RAW DATA
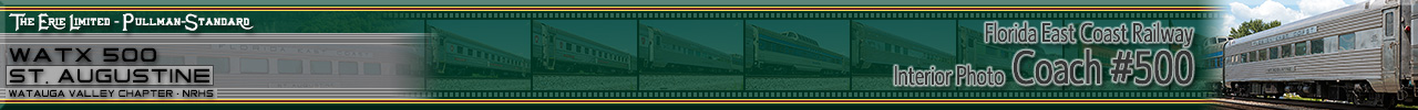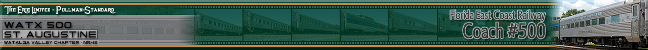 Built in 1954 by Pullman-Standard for the Florida East Coast Railroad and named "St. Augustine". Sold to the Seaboard Air Line Railroad in 1965. Conveyed to Amtrak in 1971 and numbered 5474 and retired in 1979. The car was sold by Amtrak in 1981 to a tourist railroad in Virginia. The Watauga Valley Chapter fo the National Railway Historical Society purchased the car in 1986 and completely restored the car to Amtrak standards and painted the car with a blue windowband and letterboards and named the car "Clinchfield". It was also assigned reporting marks "WATX 500". Restored to its original railroad and paint scheme in 2013, and renamed back ot its original "St. Augusitne" name by the Watauga Valley Railroad Historical Society and Museum. On a personal note: In 1991, I rode in this car on my very first mainline steam excursion behind Norfolk & Western 2-6-6-4 Locomotive #1218! Historical information about this car provided by The Watauga Valley Chapter - NRHS and Amtrak By The Numbers. |
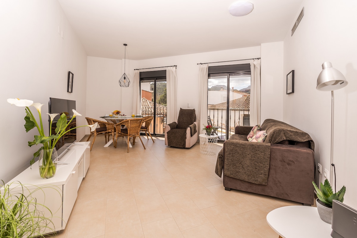 アパートは川の近くのハロン村にあり、スーパーマーケットから徒歩2分です。アパートの隣には公共駐車場があります。 わずか数分のところには、ハロンの素晴らしい料理とワインを楽しめるバーやレストランがたくさんあります。 最寄りのビーチは、車で約15 ~20分のカルペの砂浜です。 村の中心部に位置しているため、ハベアやデニアなどの主要なビーチのほとんどに30分以内で行くことができます。
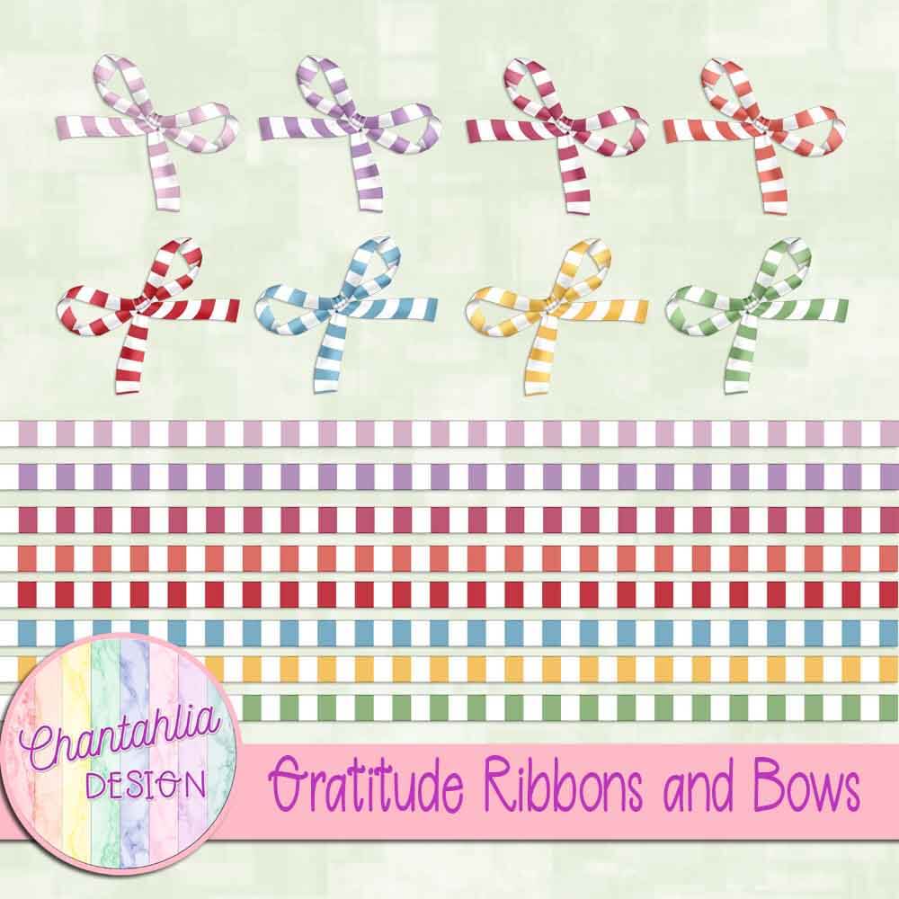 This file contains Gratitude Ribbons and Bows. The ribbons and bows are transparent png files.
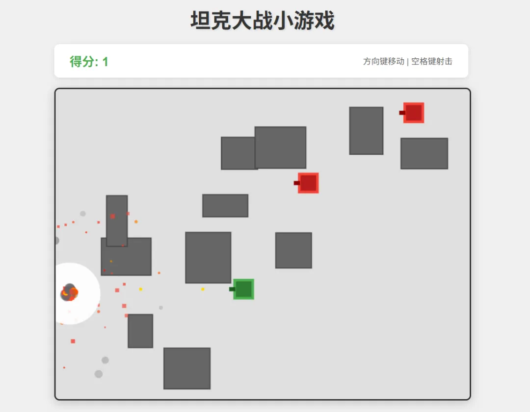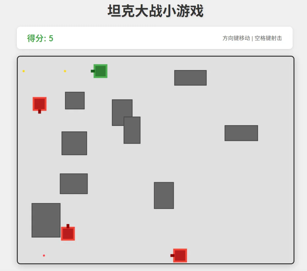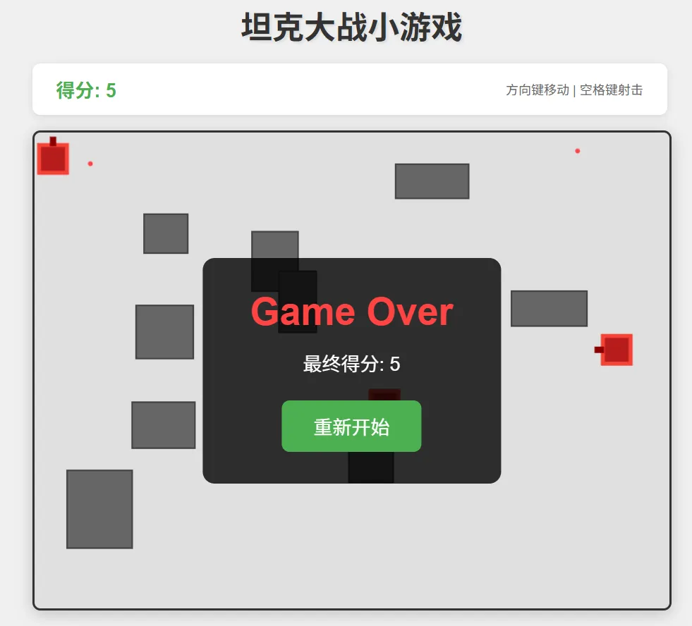 <!DOCTYPE html><htmllang="zh-CN"><head><metacharset="UTF-8"><metaname="viewport"content="width=device-width, initial-scale=1.0"><title>坦克大战小游戏</title><linkrel="stylesheet"href="tank_game.css"></head><body><divclass="game-container"><h1>坦克大战小游戏</h1><divclass="game-info"><divclass="score">得分: <spanid="score">0</span></div><divclass="controls">方向键移动 | 空格键射击</div></div><divclass="canvas-container"><canvasid="gameCanvas"width="800"height="600"></canvas><divclass="game-over"id="gameOver"><h2>Game Over</h2><p>最终得分: <spanid="finalScore">0</span></p><buttonclass="restart-btn"onclick="restartGame()">重新开始</button></div></div></div><scriptsrc="tank_game.js"></script></body></html>
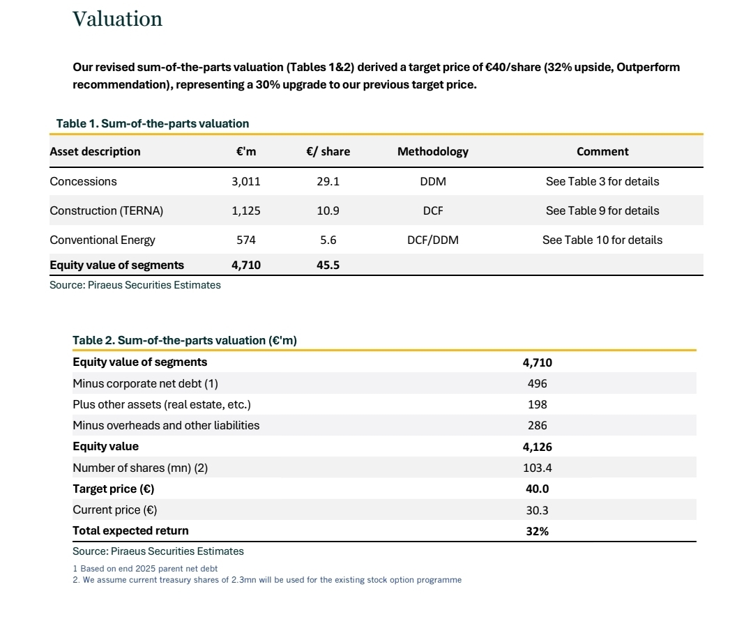 Καθοριστικό ρόλο στην αναθεώρηση παίζει η επανεκτίμηση του χαρτοφυλακίου παραχωρήσεων, με την Piraeus Securities να θεωρεί ότι ορισμένα assets και ειδικά η Εγνατία Οδός, αποτιμώνται πλέον σε υψηλότερα επίπεδα, αντανακλώντας τη βελτιωμένη ορατότητα λειτουργικών αποτελεσμάτων και μελλοντικών διανομών. Στο ίδιο πλαίσιο, ο οίκος εγκαταλείπει και την προηγούμενη συντηρητική προσέγγιση που περιλάμβανε έκπτωση συμμετοχής, εκτιμώντας ότι το ρίσκο εκτέλεσης έχει περιοριστεί αισθητά.
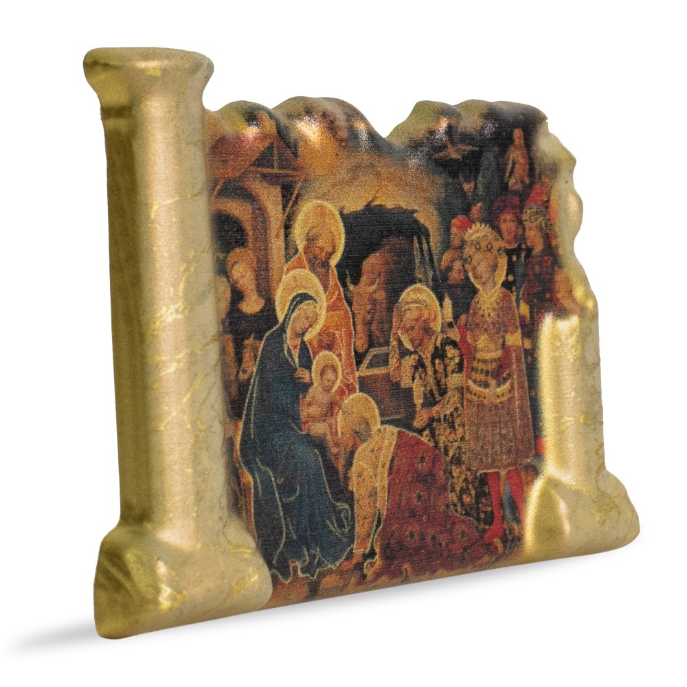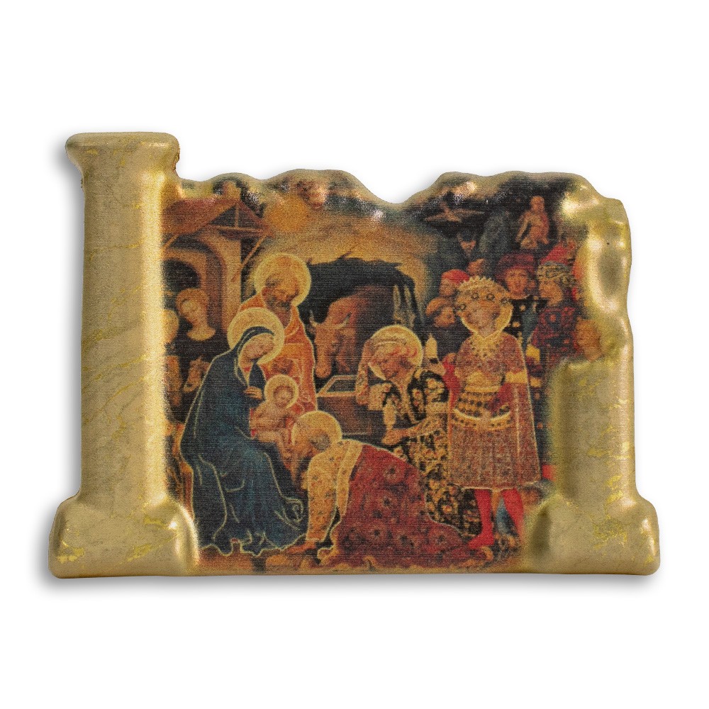 Magnete Natività classica dal tema natalizio con cornice dorata.

DIRECTIONS FOR THIS TASK
Give back every entry word for word, and drop the pictures as you go.

RESULT FOR THIS TASK
 Built in 1954 by Pullman-Standard for the Florida East Coast Railroad and named "St. Augustine". Sold to the Seaboard Air Line Railroad in 1965. Conveyed to Amtrak in 1971 and numbered 5474 and retired in 1979. The car was sold by Amtrak in 1981 to a tourist railroad in Virginia. The Watauga Valley Chapter fo the National Railway Historical Society purchased the car in 1986 and completely restored the car to Amtrak standards and painted the car with a blue windowband and letterboards and named the car "Clinchfield". It was also assigned reporting marks "WATX 500". Restored to its original railroad and paint scheme in 2013, and renamed back ot its original "St. Augusitne" name by the Watauga Valley Railroad Historical Society and Museum. On a personal note: In 1991, I rode in this car on my very first mainline steam excursion behind Norfolk & Western 2-6-6-4 Locomotive #1218! Historical information about this car provided by The Watauga Valley Chapter - NRHS and Amtrak By The Numbers. |
 アパートは川の近くのハロン村にあり、スーパーマーケットから徒歩2分です。アパートの隣には公共駐車場があります。 わずか数分のところには、ハロンの素晴らしい料理とワインを楽しめるバーやレストランがたくさんあります。 最寄りのビーチは、車で約15 ~20分のカルペの砂浜です。 村の中心部に位置しているため、ハベアやデニアなどの主要なビーチのほとんどに30分以内で行くことができます。
 This file contains Gratitude Ribbons and Bows. The ribbons and bows are transparent png files.
 <!DOCTYPE html><htmllang="zh-CN"><head><metacharset="UTF-8"><metaname="viewport"content="width=device-width, initial-scale=1.0"><title>坦克大战小游戏</title><linkrel="stylesheet"href="tank_game.css"></head><body><divclass="game-container"><h1>坦克大战小游戏</h1><divclass="game-info"><divclass="score">得分: <spanid="score">0</span></div><divclass="controls">方向键移动 | 空格键射击</div></div><divclass="canvas-container"><canvasid="gameCanvas"width="800"height="600"></canvas><divclass="game-over"id="gameOver"><h2>Game Over</h2><p>最终得分: <spanid="finalScore">0</span></p><buttonclass="restart-btn"onclick="restartGame()">重新开始</button></div></div></div><scriptsrc="tank_game.js"></script></body></html>
 Καθοριστικό ρόλο στην αναθεώρηση παίζει η επανεκτίμηση του χαρτοφυλακίου παραχωρήσεων, με την Piraeus Securities να θεωρεί ότι ορισμένα assets και ειδικά η Εγνατία Οδός, αποτιμώνται πλέον σε υψηλότερα επίπεδα, αντανακλώντας τη βελτιωμένη ορατότητα λειτουργικών αποτελεσμάτων και μελλοντικών διανομών. Στο ίδιο πλαίσιο, ο οίκος εγκαταλείπει και την προηγούμενη συντηρητική προσέγγιση που περιλάμβανε έκπτωση συμμετοχής, εκτιμώντας ότι το ρίσκο εκτέλεσης έχει περιοριστεί αισθητά.
 Magnete Natività classica dal tema natalizio con cornice dorata.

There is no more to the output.